Recently, while writing a note on a hospital chart, I overheard a patient and their family scolding the nursing staff. Inflammation always peaks my interest. Somehow, it soothes me when I’m not involved.
After the ruckus calmed, I asked the nurse what all that was about.
“Oh, Dr Mandrola, this patient is so hard to please; the food isn’t good, we aren’t fast enough answering the call bell, and the doctor didn’t stay long enough.”
The nurse was distraught that they were upset.
(Later, in the course of this patient’s hospital stay, I was asked to look at a rhythm strip, and thus, learned more about what happened.)
It turns out that the dissatisfied patient ‘enjoyed’ life-saving treatment skillfully administered in the wee hours of the morning.
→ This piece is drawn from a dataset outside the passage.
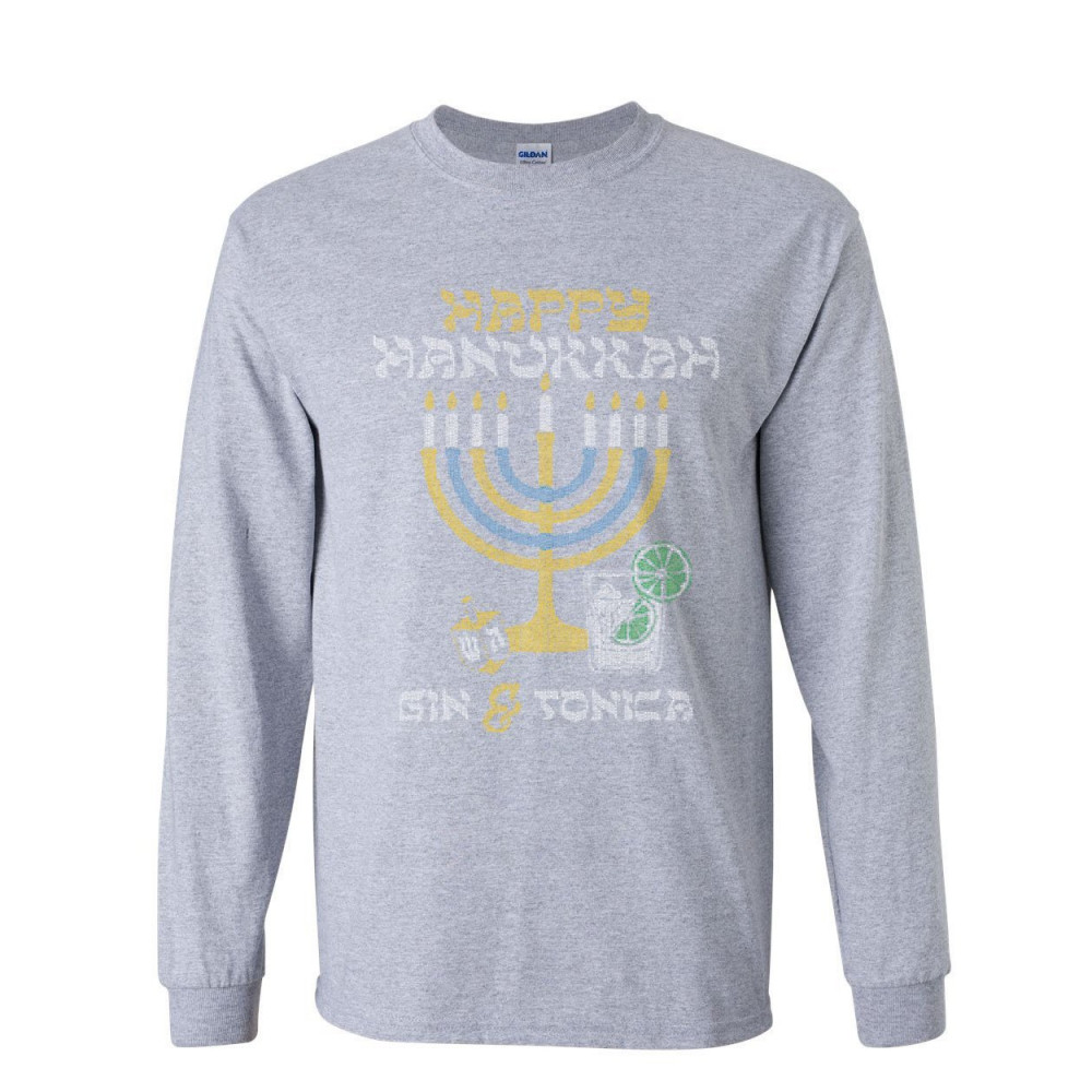 HAPPY HANUKKAH GIN & TONICA happy hanukkah long sleeve t-shirt menorah drinking gin & tonica dreidel tee gray

If not for the skill and dedication of the health care team involved this patient would have died. What’s more, as an insider, I know the caregivers involved in this case are knowledgeable, generous and of the utmost conscientiousness. They could (and hopefully would) take care of me or my family.
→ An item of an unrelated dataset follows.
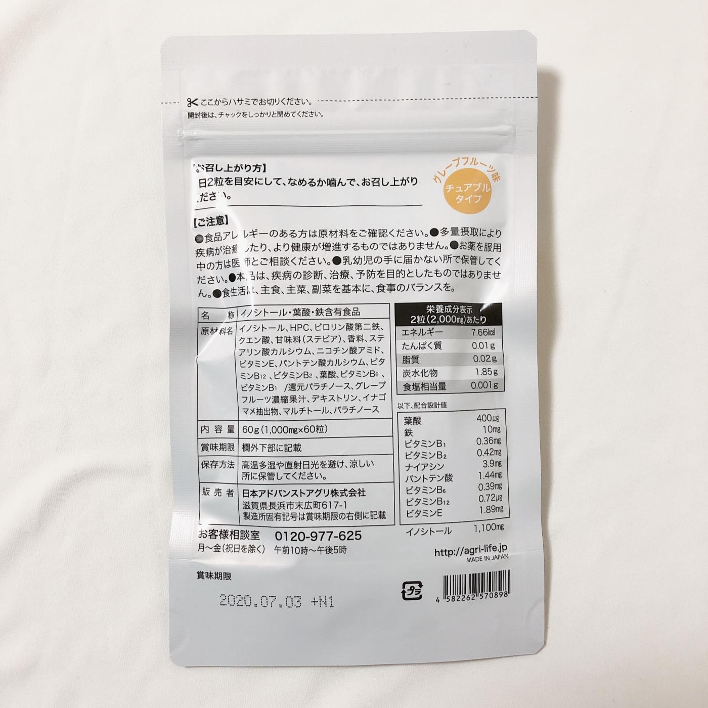 妊活サプリといえば「葉酸サプリ」が定番だけど、このサプリはミオイノシトールという成分が配合されています。ミオイノシトールは母乳や粉ミルクにも含まれている成分です。糖コントロールや細胞の成長に必要な成分で、体内にも広く存在している栄養素です!精米後の米ぬかから抽出して作られるんだって♪

Unfortunately, as CMS finalizes a plan to tie hospital reimbursement to patient satisfaction, stories like this one create even more angst for hospitals. Suddenly, this patient’s life-saving and compassionate care becomes less valuable–but surely not less costly to administer.
Though improving patient-satisfaction is a well-meaning endeavor, it’s inherit unfairness is inflammatory–and thus bad for the heart. Not to mention the obvious: it’s a really dumb idea. Do you want your hospital spending money on its food and lobby? Or, should
their your priority be that they buy me the latest mapping system so I can ablate your heart more safely?
I am not suggesting that patients shouldn’t take an active role in their care. By all means, know your disease, question the diagnosis, understand your medicine, and even seek more opinions. But drilling-out the medical staff, or dissing the hospital on a survey because it’s not the Four Seasons is a bad idea.
I’ve been a patient. I don’t expect hospital food to be scrumptious. I know that nurses take care of many patients, have documents to fill out and yesterday’s patients to call and check on. When I was ready for discharge in the morning and the doctor didn’t come until the afternoon, I didn’t hold it against him. That’s because he, like all who toil in the medical field are only human, and thus far, cannot be cloned for the purposes of being in three places simultaneously.
The coolest aspect of modern-day medicine remains the fact that all this ‘fury’ is ultimately delivered by fellow mankind–imperfect and limited as we are.
My advice to patients disgruntled by the little things is the same as my beloved grandmother repeatedly gave me, “you catch more flies with honey than vinegar.”
You might need that nurse, doctor or hospital again.